_Data segment_:
________

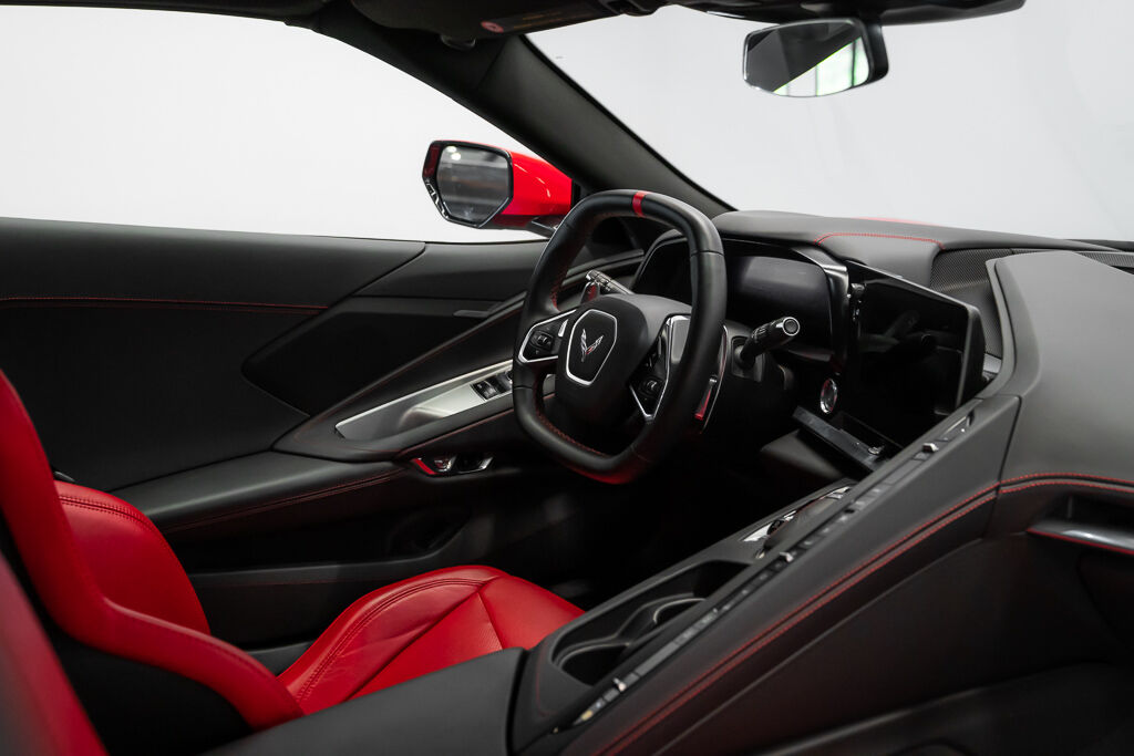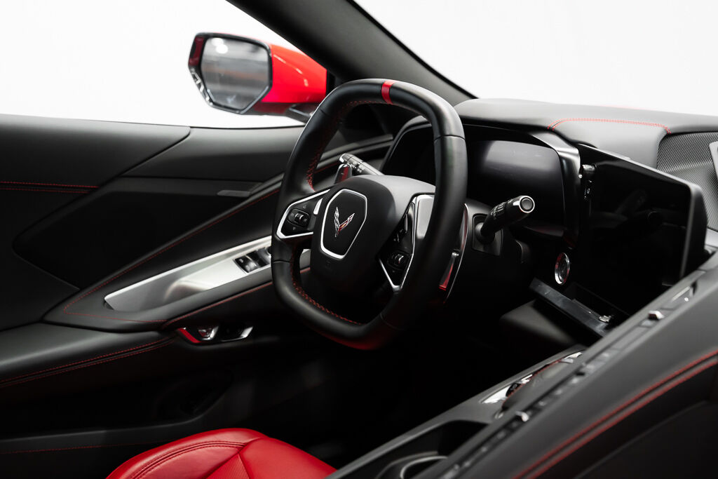 Rule the road in the 2021 Chevrolet Corvette 1LT Stingray. This vehicle brings together supercar performance, exotic aesthetics, and everyday drivability. Its commanding red exterior reveals sculpted sides, sharp angles, and swooping air intakes. The 2021 Chevrolet Corvette 1LT Stingray is the first ever mid-engine Corvette, enhancing traction, grip, and balance. It rockets from a standstill to 60mph in under three seconds, reaching a top speed of 194mph. Inside, you'll find a spacious two-seat cabin with black leather upholstery and red stitching. A front trunk offers ample space for your belongings. Travel swiftly, safely, and in style with the 2021 Chevrolet Corvette 1LT Stingray.❤️🔥
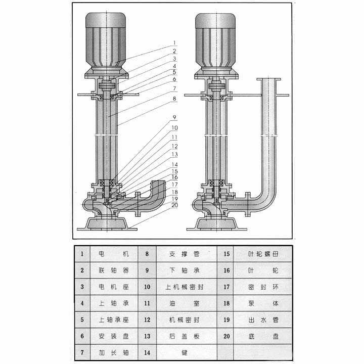 2、YW大流量提升泵可根據(jù)用戶需要配備泵的單(雙)管安裝和支承件的圓(方)盤安裝,可適應(yīng)不同場合的安裝需求。
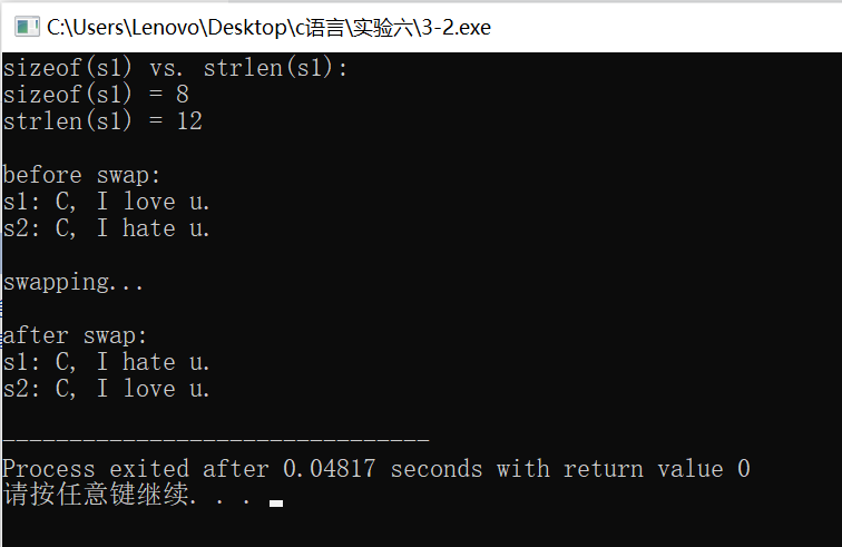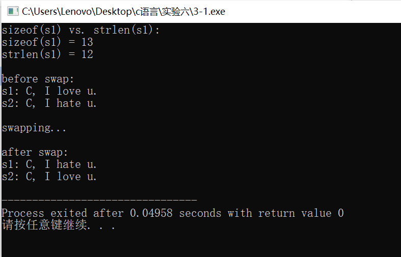 #include <stdio.h> #include <string.h> #define N 80 int main() { char *s1 = "C, I love u."; char *s2 = "C, I hate u."; char *tmp; printf("sizeof(s1) vs. strlen(s1): \n"); printf("sizeof(s1) = %d\n", sizeof(s1)); printf("strlen(s1) = %d\n", strlen(s1)); printf("\nbefore swap: \n"); printf("s1: %s\n", s1); printf("s2: %s\n", s2); printf("\nswapping...\n"); tmp = s1; s1 = s2; s2 = tmp; printf("\nafter swap: \n"); printf("s1: %s\n", s1); printf("s2: %s\n", s2); return 0; }

________

_Instructions for the task_:
A verbatim transcript of the material above, with images dropped, is the expected output.

_Written answer_:
 Rule the road in the 2021 Chevrolet Corvette 1LT Stingray. This vehicle brings together supercar performance, exotic aesthetics, and everyday drivability. Its commanding red exterior reveals sculpted sides, sharp angles, and swooping air intakes. The 2021 Chevrolet Corvette 1LT Stingray is the first ever mid-engine Corvette, enhancing traction, grip, and balance. It rockets from a standstill to 60mph in under three seconds, reaching a top speed of 194mph. Inside, you'll find a spacious two-seat cabin with black leather upholstery and red stitching. A front trunk offers ample space for your belongings. Travel swiftly, safely, and in style with the 2021 Chevrolet Corvette 1LT Stingray.❤️🔥
 2、YW大流量提升泵可根據(jù)用戶需要配備泵的單(雙)管安裝和支承件的圓(方)盤安裝,可適應(yīng)不同場合的安裝需求。
 #include <stdio.h> #include <string.h> #define N 80 int main() { char *s1 = "C, I love u."; char *s2 = "C, I hate u."; char *tmp; printf("sizeof(s1) vs. strlen(s1): \n"); printf("sizeof(s1) = %d\n", sizeof(s1)); printf("strlen(s1) = %d\n", strlen(s1)); printf("\nbefore swap: \n"); printf("s1: %s\n", s1); printf("s2: %s\n", s2); printf("\nswapping...\n"); tmp = s1; s1 = s2; s2 = tmp; printf("\nafter swap: \n"); printf("s1: %s\n", s1); printf("s2: %s\n", s2); return 0; }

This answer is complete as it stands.